90 lines (62 loc) · 5.73 KB

manual-approve-with-github-actions

This directory contains Terraform code that shows how to use databricks-department-clusters to create Databricks resources, together with CI/CD pipeline that demonstrate how to validate pull request changes before applying them & using approvals before deploying changes to production system. Please note that existing Terraform code is cross-platform and could be deployed to a Databricks workspace at any supported cloud.

Workflow

The general workflow looks as following:

Workflow

  • Changes to code in this directory or in the module are made in a separate Git branch & when changes are ready, a pull request is opened
  • Upon opening of the pull request, the build pipeline is triggered, and following operations are performed:
    • Initializes Terraform using a remote backend to store a Terraform state.
    • Perform check of the Terraform code for formatting consistence.
    • Performs check of the Terraform code using terraform validate.
    • Executes terraform plan to get the list changes that will be made.
  • If build pipeline executed without errors, results of terraform plan and code could be reviewed by reviewer, and merged into the main branch.
  • When code is merged into the main branch, the release pipeline is triggered, and after a manual approval, changes are applied to the deployment using the terraform apply command.
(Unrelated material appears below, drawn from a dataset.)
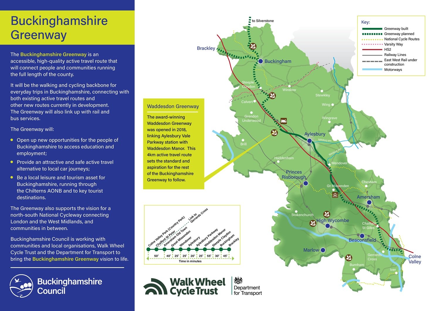 The Buckinghamshire Greenway is our vision for a continuous walking, wheeling and cycling route that goes through the length of Buckinghamshire (over 50 miles).

As result of the pipeline execution, following resources will be created:

  • A user group for a department with specific users added to it
  • A shared Databricks cluster that could be used by users of the group
  • A Databricks SQL Endpoint
  • A Databricks cluster policy that could be used by the user group

Configuring Terraform code

You can customize this project by modifying the terraform.tfvars file that defines following variables necessary for the databricks-department-clusters module:

  • cluster_name - Name of the shared cluster to create
  • department - Department name
  • group_name|Name of the group to create|string||yes|
  • user_names - List of users to create in the specified group
  • tags - Additional tags applied to all resources created

Configuring Github Actions pipeline

As described above, we need two jobs in the Github actions workflow:

  • Build job is responsible for validation of changes in pull request. It is triggered by any new pull request event on the main branch.
  • Release job is responsible for deploying the changes:

In order to use this pipeline, we have two prerequisites:

  • Create a Service Principale and grant it one of the following permissions:
    • Contributor access to the Azure Databricks workspace and blob contributor access to the storage account used for the remote state.
    • Contributor access to the resource group containing both the Azure Databricks workspace and the storage account.
  • Store credentials for the Service Principale and the Databricks workspace where ressources will be deployed.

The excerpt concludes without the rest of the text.